Supplied entries:
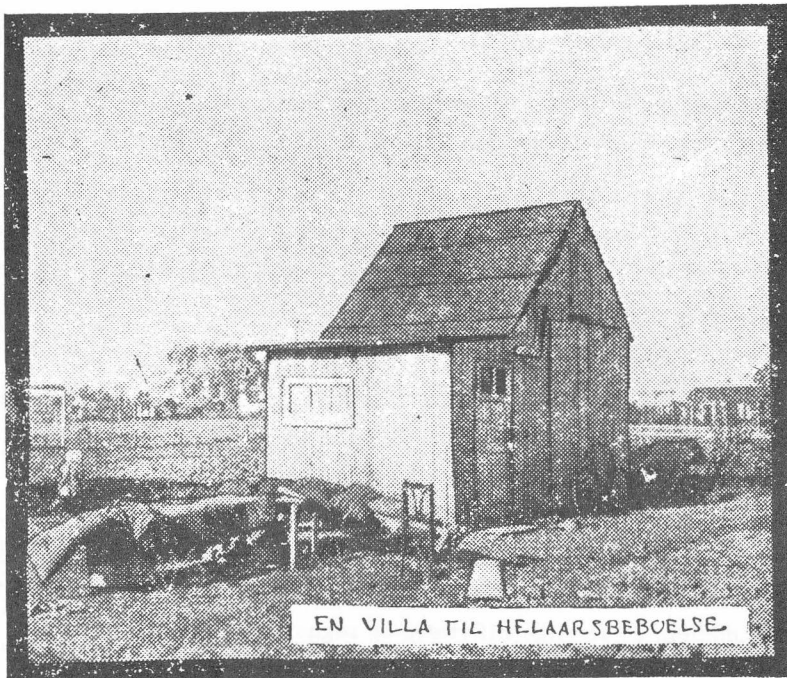
EN VILLA TIL HELAARSBEBOELSE

Foto fra BT den 17. oktober 1922. Forestiller et helårsbeboet lysthus, formentlig beliggende i Hvidovre.
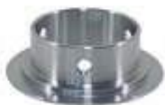
Bucha Tração Eixo Dianteiro

Aplicação: John Deere 5600 John Deere 5700
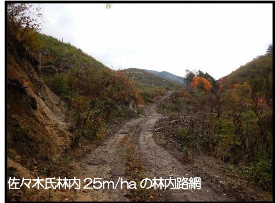
佐々木氏林内25m/haの林内路網
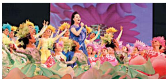
湘籍歌唱家雷佳亮相第四屆湖南藝術節，演唱會歌《萬紫千紅百花開》。

本屆藝術節以「藝術的盛會，人民的節日」為宗旨，將在長沙、岳陽、邵陽等地舉辦開幕式、閉幕式、舞台藝術新創劇(節)目展演、群眾文化舞台藝術展演、湖南書法美術攝影作品展覽等八大活動。藝術節還首次邀請了瑞典阿爾麥納合唱團、以及中國山西和新疆的優秀劇目，來湘交流演出和商演。
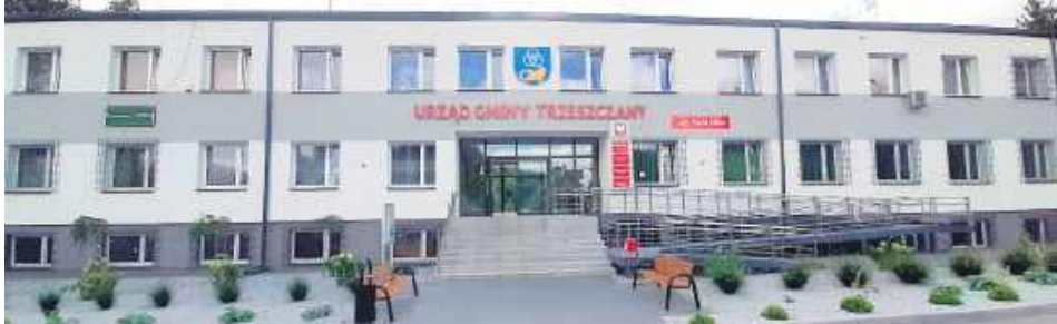
Placówka Poczty Polskiej w Trzuszczanach mieści się w siedzibie tamtejszego urzędu gminy.

„Takie rozwiązanie – wbrew oczekiwaniom – nie przyniesie zamierzonych oszczędności, natomiast spowoduje spadek jakości usług pocztowych” – czytamy w petycji przesłanej przez
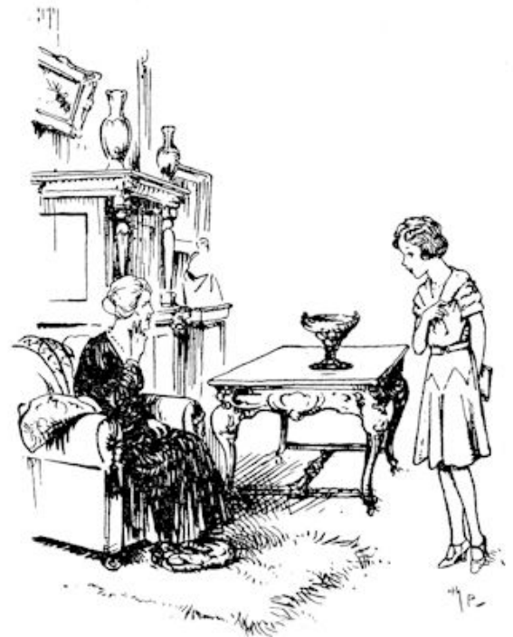
„Zoo, heb je het dan zoo druk, dat je niet eens vijf minuten met je oma kunt praten?”
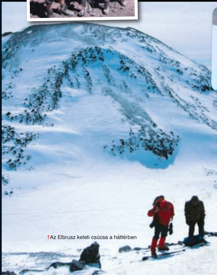
↑Az Elbrusz keleti csúcsa a háttérben

KAUKÁZUS: ÉNY–DK-i irányban húzódó, számos gerincből álló, gyúrt magas hegység a Fekete-tenger és a Kaszpi-tenger között. Hossza 1280 km, szélessége 100–225 km, területe kb. 84 000 km 2 . Felosztják Nagy-Kaukázusra és Kis-Kaukázusra. Geológiai felépítése igen változatos. Ásványkincsekben gazdag.
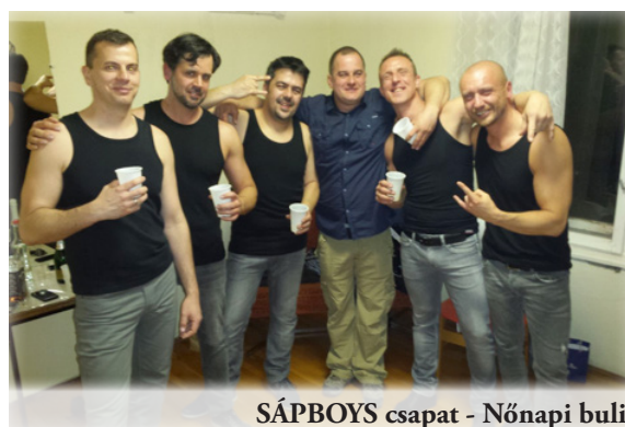
SÁPBOYS csapat - Nőnap buli
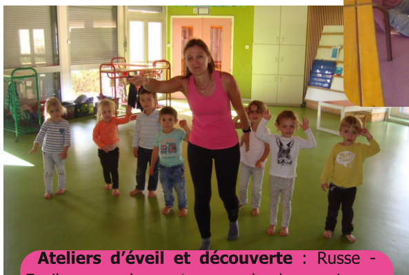
Ateliers d'éveil et découverte : Russe - Eveil corporel au travers de la musique - Relaxation/sophrologie - Protection de l'environnement
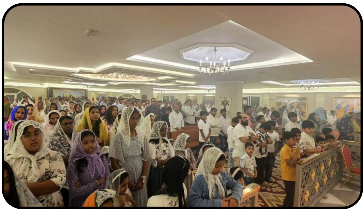
Pesaha Service @ Salwa Armenian Church 01/04/2026
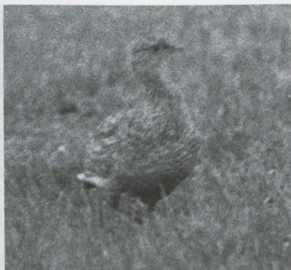
25 Kleine Trap Tetrax tetrax , Urk, Flevoland, december 1987 (Erwin Booij)

zien op 4 oktober bij het Jaap Deensgat, op 17 oktober bij Leuven B en op 26 oktober in de AW-duinen. Doortrekkende Slechtvalken F peregrinus werden voornamelijk begin oktober gezien. Voorts werden minstens 15 pleisterende exemplaren gemeld.
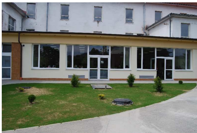
Otvorenie jedálne – Gymnázium Terézie Vansovej
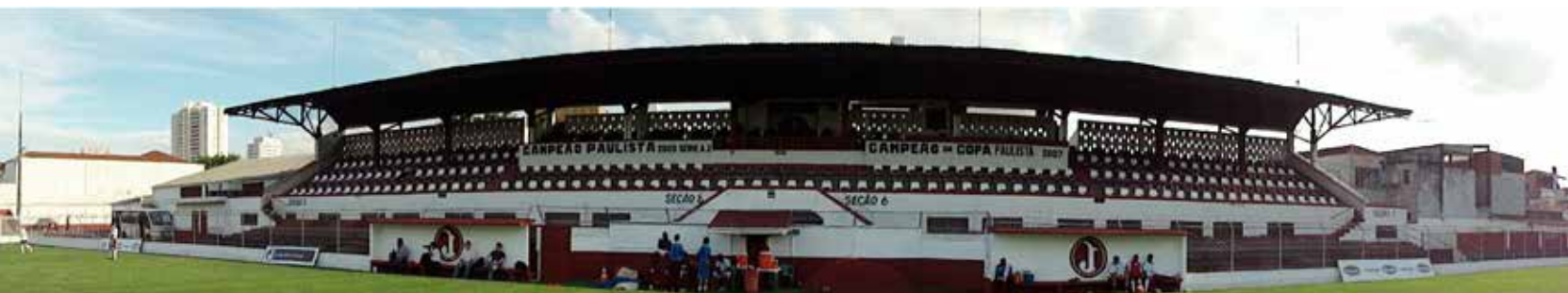
Estádio Conde Rodolfo Crespi - Juventus
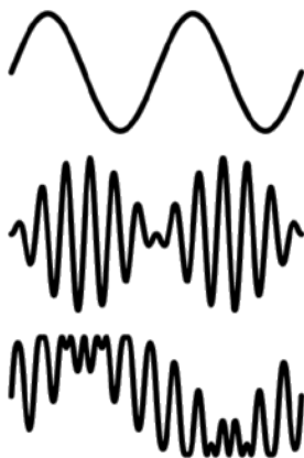
図1 これらの波の周波数はいくつ？

周波数とは「電気振動などの現象が1秒間あたりに繰り返される回数（Wikipediaより）」である。これはほとんどの読者が理解していると思われるが、話はそれほど単純ではない。例えば、図1に示した3つの波について、波の始点から終点までを1秒間としたとき、各々の波の周波数はいくつだろうか？
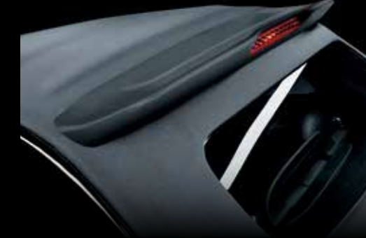
قماش رمادي Grey fabric
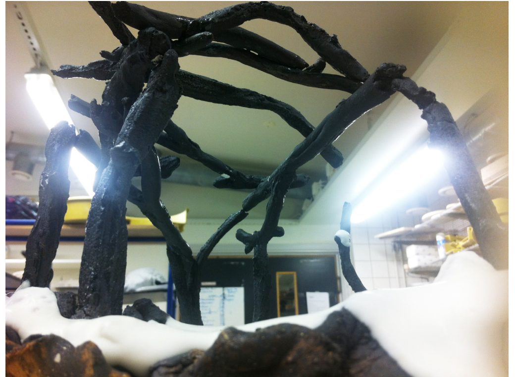
Markbit med tak av pinnar.
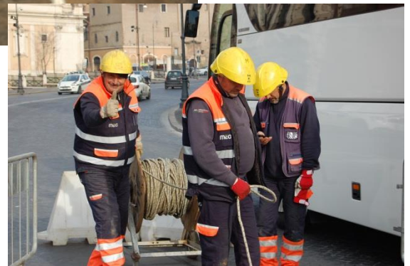
LAVORI IN GALLERIA A VIA TEATRO MARCELLO
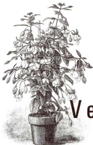
FUCHSIA met gevulde bloemen.
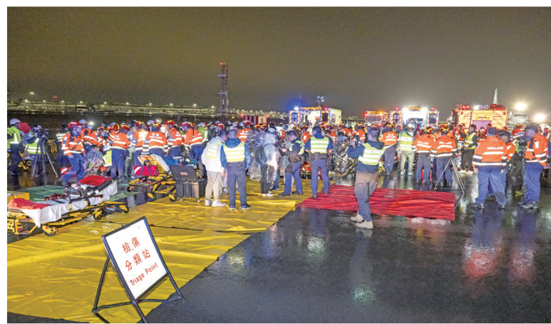
■消防處及香港警務處等緊急應變部門迅即派員抵達事故現場滅火及救援、提供醫療援助、運送傷者並進行其他支援
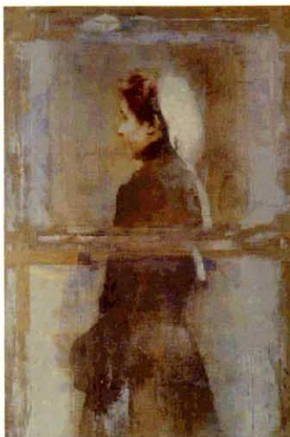
「ブルーニューの女」 ゴム印画法 125×81cm パネル、紙 村田大輔
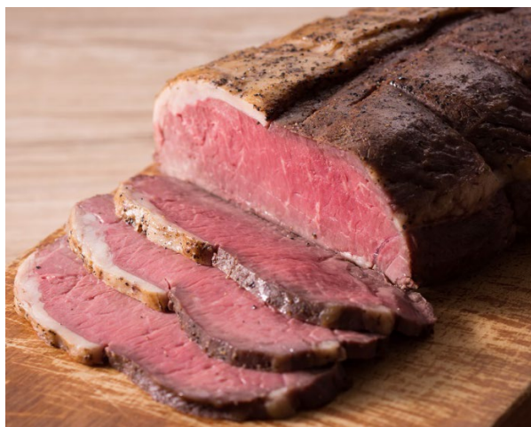
国産牛ローストビーフ

※One Harmony 会員特典（5%OFF）、プレミアムセレクション特典（10%OFF）による割引は対象外となります。
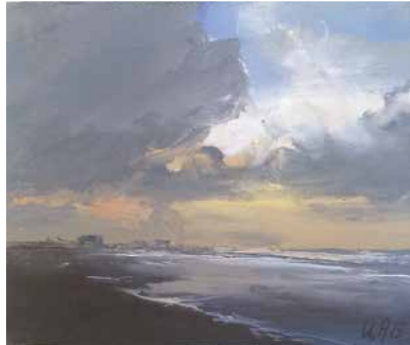
12/15 St. Peter Ording 2015 | 15 x 12 cm | Öl auf Malpappe
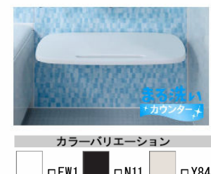
カラーバリエーション FW1 N11 Y84 まる洗いカウンター (すっきり収納タイプ)
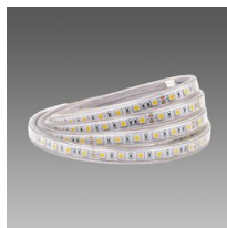
Strip - LED - IP65
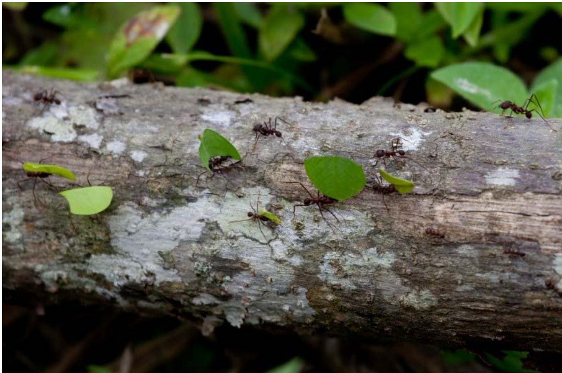
Baldskærermyrer på arbejde i Ecuadors højland.
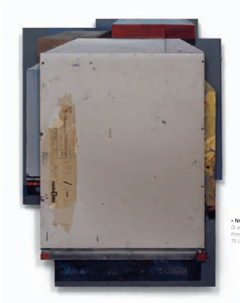
» Nobilia « Öl auf diversen Pressspanplatten, 75 cm x 56 cm – 2009
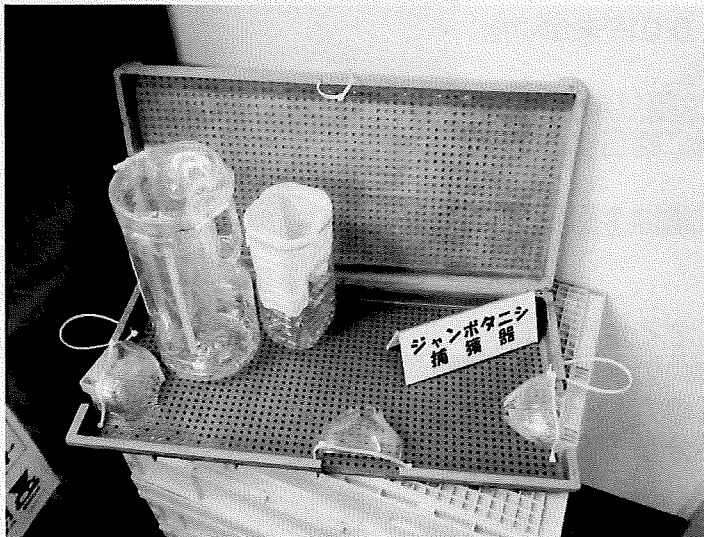
(図1) ジャンボタニシ捕獲器

市ホームページ(QRコード(図2))にて、「ペットボトル」と「苗箱」で作成した捕獲器の紹介をしていますので、ぜひお役立てください。
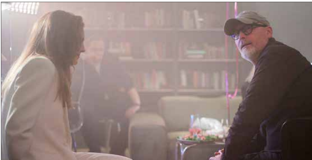
Wojciech Smarzowski na planie

rolę), by nie odczuć autentyczności tej historii. W pewnej chwili Smarzowski porzuca filmową narrację, na ekranie oglądamy coś na kształt telewizyjnej terapii zbiorowej – młode, a już zniszczone przez życie kobiety (samotne matki, skatowane rozwódki czy uciekinierki od mężów-przemocowców) opowiadają o swoich doświadczeniach. Gosia milczy, ale czujemy, że jest jedną z wielu, być może – mimo milczenia – bardziej doświadczona od innych.
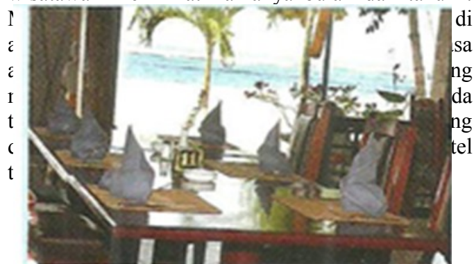
Gambar 3 Headline DI 1

kolam renang terdapat tulisan “ Bari de Ichiban no Hoteru Desu ”. Pada bagian headline iklan terkadung tanda ikonis.. Selain itu, unsur nonverbal ini mengacu pada tanda ikonis yang menjadi ikon taman hotel lengkap dengan kolam renang dan hotel yang dekat dengan pesisir pantai. Unsur verbal yang mendukung unsur nonverbal ini berupa pernyataan “ doko made mo tsutsuku bakusa no sanuru bichi, nagai nentsuki o kanji saseru kikigi ni kakomareta teire no ikitodoita gaaden nado ” yang dapat diartikan ‘Pantai Sanur dengan pasir putihnya mengitari, taman yang dikemas dengan cermat dikelilingi pepohonan yang dapat membuat wisatawan menikmati lamanya bulan dan tahun’.
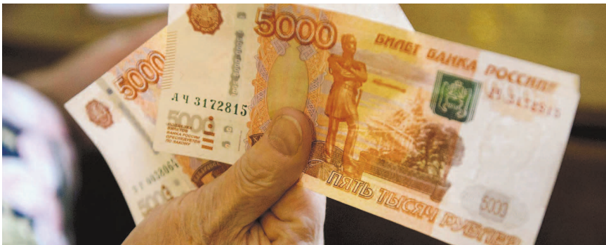
НА ФОТО: КАК ПРОЖИТЬ НА 10 ТЫС. РУБЛЕЙ В МЕСЯЦ?

— Проблема здесь не в самих фигурах. Проблема здесь в деньгах Пенсионного фонда, — подчеркнул он. — Дело в том, что в закромах ПФР на самом деле очень много денег. И такой рокировкой власть, с одной стороны, пытается понизить градус социальной напряженности, подарив пенсионерам абсолютно призрачную надежду на
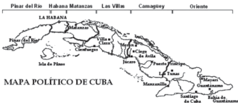
Mapa de l'illa de Cuba.

Caldrà esperar a l'any 1894, per documentar una nova insurrecció, primer a les Lajas, el 4 de novembre de 1893, i després a Ranchuelo, el 25 de gener de 1894. I així arribem fins al diumenge 24 de febrer de 1895, data definitiva de l'aixecament que acabarà amb la pèrdua de la colònia, aquesta jornada coincidia amb les festes de carnestoltes 2 ; de manera que el temps de reacció havia de ser teòricament més gran. A més, les autoritats illenques, estaven més pendents de les lluites polítiques entre els defensors de les reformes promulgades pel ministre Antonio Maura i els seus adversaris, que no pas dels preparatius que eren un secret a crits.
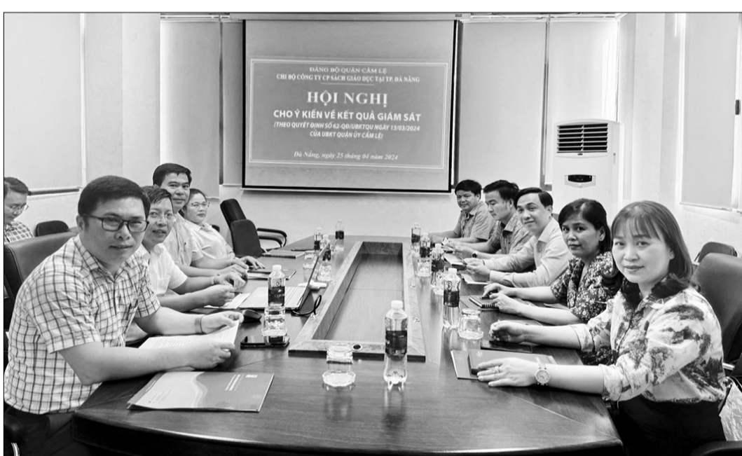
Trong nhiệm kỳ 2020-2025, Ủy ban kiểm tra Quận ủy Cẩm Lệ chủ động nắm tình hình, phát hiện, quyết định kiểm tra nhiều tổ chức đảng, đảng viên khi có dấu hiệu vi phạm. TRONG ẢNH: Chi bộ Công ty CP sách giáo dục Đà Nẵng thuộc Đảng bộ quận Cẩm Lệ tổ chức hội nghị cho ý kiến về kết quả giám sát.

Từ đầu nhiệm kỳ 2020-2025 đến nay, UBKT Quận ủy chủ động nắm tình hình, phát hiện, quyết định kiểm tra khi có dấu hiệu vi phạm đối với 2 tổ chức đảng và 24 đảng viên. Nội dung kiểm tra tập trung vào những lĩnh vực nhạy cảm, dễ phát sinh sai phạm. Qua kiểm tra, kết luận, tất cả tổ chức đảng và đảng viên đều có khuyết điểm, vi phạm. Trong đó, có 2 tổ chức đảng và 17 đảng viên vi phạm đến mức phải xem xét, xử lý kỷ luật; 7 đảng viên có vi phạm nhưng chưa đến mức phải xem xét thì hành kỷ luật, đã yêu cầu nghiêm túc kiểm điểm rút kinh nghiệm.

Task requirements: Where the material above includes pictures, omit them and retype everything else exactly.

Expected answer:
EN VILLA TIL HELAARSBEBOELSE

Foto fra BT den 17. oktober 1922. Forestiller et helårsbeboet lysthus, formentlig beliggende i Hvidovre.
Bucha Tração Eixo Dianteiro

Aplicação: John Deere 5600 John Deere 5700
佐々木氏林内25m/haの林内路網
湘籍歌唱家雷佳亮相第四屆湖南藝術節，演唱會歌《萬紫千紅百花開》。

本屆藝術節以「藝術的盛會，人民的節日」為宗旨，將在長沙、岳陽、邵陽等地舉辦開幕式、閉幕式、舞台藝術新創劇(節)目展演、群眾文化舞台藝術展演、湖南書法美術攝影作品展覽等八大活動。藝術節還首次邀請了瑞典阿爾麥納合唱團、以及中國山西和新疆的優秀劇目，來湘交流演出和商演。
Placówka Poczty Polskiej w Trzuszczanach mieści się w siedzibie tamtejszego urzędu gminy.

„Takie rozwiązanie – wbrew oczekiwaniom – nie przyniesie zamierzonych oszczędności, natomiast spowoduje spadek jakości usług pocztowych” – czytamy w petycji przesłanej przez
„Zoo, heb je het dan zoo druk, dat je niet eens vijf minuten met je oma kunt praten?”
↑Az Elbrusz keleti csúcsa a háttérben

KAUKÁZUS: ÉNY–DK-i irányban húzódó, számos gerincből álló, gyúrt magas hegység a Fekete-tenger és a Kaszpi-tenger között. Hossza 1280 km, szélessége 100–225 km, területe kb. 84 000 km 2 . Felosztják Nagy-Kaukázusra és Kis-Kaukázusra. Geológiai felépítése igen változatos. Ásványkincsekben gazdag.
SÁPBOYS csapat - Nőnap buli
Ateliers d'éveil et découverte : Russe - Eveil corporel au travers de la musique - Relaxation/sophrologie - Protection de l'environnement
Pesaha Service @ Salwa Armenian Church 01/04/2026
25 Kleine Trap Tetrax tetrax , Urk, Flevoland, december 1987 (Erwin Booij)

zien op 4 oktober bij het Jaap Deensgat, op 17 oktober bij Leuven B en op 26 oktober in de AW-duinen. Doortrekkende Slechtvalken F peregrinus werden voornamelijk begin oktober gezien. Voorts werden minstens 15 pleisterende exemplaren gemeld.
Otvorenie jedálne – Gymnázium Terézie Vansovej
Estádio Conde Rodolfo Crespi - Juventus
図1 これらの波の周波数はいくつ？

周波数とは「電気振動などの現象が1秒間あたりに繰り返される回数（Wikipediaより）」である。これはほとんどの読者が理解していると思われるが、話はそれほど単純ではない。例えば、図1に示した3つの波について、波の始点から終点までを1秒間としたとき、各々の波の周波数はいくつだろうか？
قماش رمادي Grey fabric
Markbit med tak av pinnar.
LAVORI IN GALLERIA A VIA TEATRO MARCELLO
FUCHSIA met gevulde bloemen.
■消防處及香港警務處等緊急應變部門迅即派員抵達事故現場滅火及救援、提供醫療援助、運送傷者並進行其他支援
「ブルーニューの女」 ゴム印画法 125×81cm パネル、紙 村田大輔
国産牛ローストビーフ

※One Harmony 会員特典（5%OFF）、プレミアムセレクション特典（10%OFF）による割引は対象外となります。
12/15 St. Peter Ording 2015 | 15 x 12 cm | Öl auf Malpappe
カラーバリエーション FW1 N11 Y84 まる洗いカウンター (すっきり収納タイプ)
Strip - LED - IP65
Baldskærermyrer på arbejde i Ecuadors højland.
» Nobilia « Öl auf diversen Pressspanplatten, 75 cm x 56 cm – 2009
(図1) ジャンボタニシ捕獲器

市ホームページ(QRコード(図2))にて、「ペットボトル」と「苗箱」で作成した捕獲器の紹介をしていますので、ぜひお役立てください。
Wojciech Smarzowski na planie

rolę), by nie odczuć autentyczności tej historii. W pewnej chwili Smarzowski porzuca filmową narrację, na ekranie oglądamy coś na kształt telewizyjnej terapii zbiorowej – młode, a już zniszczone przez życie kobiety (samotne matki, skatowane rozwódki czy uciekinierki od mężów-przemocowców) opowiadają o swoich doświadczeniach. Gosia milczy, ale czujemy, że jest jedną z wielu, być może – mimo milczenia – bardziej doświadczona od innych.
Gambar 3 Headline DI 1

kolam renang terdapat tulisan “ Bari de Ichiban no Hoteru Desu ”. Pada bagian headline iklan terkadung tanda ikonis.. Selain itu, unsur nonverbal ini mengacu pada tanda ikonis yang menjadi ikon taman hotel lengkap dengan kolam renang dan hotel yang dekat dengan pesisir pantai. Unsur verbal yang mendukung unsur nonverbal ini berupa pernyataan “ doko made mo tsutsuku bakusa no sanuru bichi, nagai nentsuki o kanji saseru kikigi ni kakomareta teire no ikitodoita gaaden nado ” yang dapat diartikan ‘Pantai Sanur dengan pasir putihnya mengitari, taman yang dikemas dengan cermat dikelilingi pepohonan yang dapat membuat wisatawan menikmati lamanya bulan dan tahun’.
НА ФОТО: КАК ПРОЖИТЬ НА 10 ТЫС. РУБЛЕЙ В МЕСЯЦ?

— Проблема здесь не в самих фигурах. Проблема здесь в деньгах Пенсионного фонда, — подчеркнул он. — Дело в том, что в закромах ПФР на самом деле очень много денег. И такой рокировкой власть, с одной стороны, пытается понизить градус социальной напряженности, подарив пенсионерам абсолютно призрачную надежду на
Mapa de l'illa de Cuba.

Caldrà esperar a l'any 1894, per documentar una nova insurrecció, primer a les Lajas, el 4 de novembre de 1893, i després a Ranchuelo, el 25 de gener de 1894. I així arribem fins al diumenge 24 de febrer de 1895, data definitiva de l'aixecament que acabarà amb la pèrdua de la colònia, aquesta jornada coincidia amb les festes de carnestoltes 2 ; de manera que el temps de reacció havia de ser teòricament més gran. A més, les autoritats illenques, estaven més pendents de les lluites polítiques entre els defensors de les reformes promulgades pel ministre Antonio Maura i els seus adversaris, que no pas dels preparatius que eren un secret a crits.
Trong nhiệm kỳ 2020-2025, Ủy ban kiểm tra Quận ủy Cẩm Lệ chủ động nắm tình hình, phát hiện, quyết định kiểm tra nhiều tổ chức đảng, đảng viên khi có dấu hiệu vi phạm. TRONG ẢNH: Chi bộ Công ty CP sách giáo dục Đà Nẵng thuộc Đảng bộ quận Cẩm Lệ tổ chức hội nghị cho ý kiến về kết quả giám sát.

Từ đầu nhiệm kỳ 2020-2025 đến nay, UBKT Quận ủy chủ động nắm tình hình, phát hiện, quyết định kiểm tra khi có dấu hiệu vi phạm đối với 2 tổ chức đảng và 24 đảng viên. Nội dung kiểm tra tập trung vào những lĩnh vực nhạy cảm, dễ phát sinh sai phạm. Qua kiểm tra, kết luận, tất cả tổ chức đảng và đảng viên đều có khuyết điểm, vi phạm. Trong đó, có 2 tổ chức đảng và 17 đảng viên vi phạm đến mức phải xem xét, xử lý kỷ luật; 7 đảng viên có vi phạm nhưng chưa đến mức phải xem xét thì hành kỷ luật, đã yêu cầu nghiêm túc kiểm điểm rút kinh nghiệm.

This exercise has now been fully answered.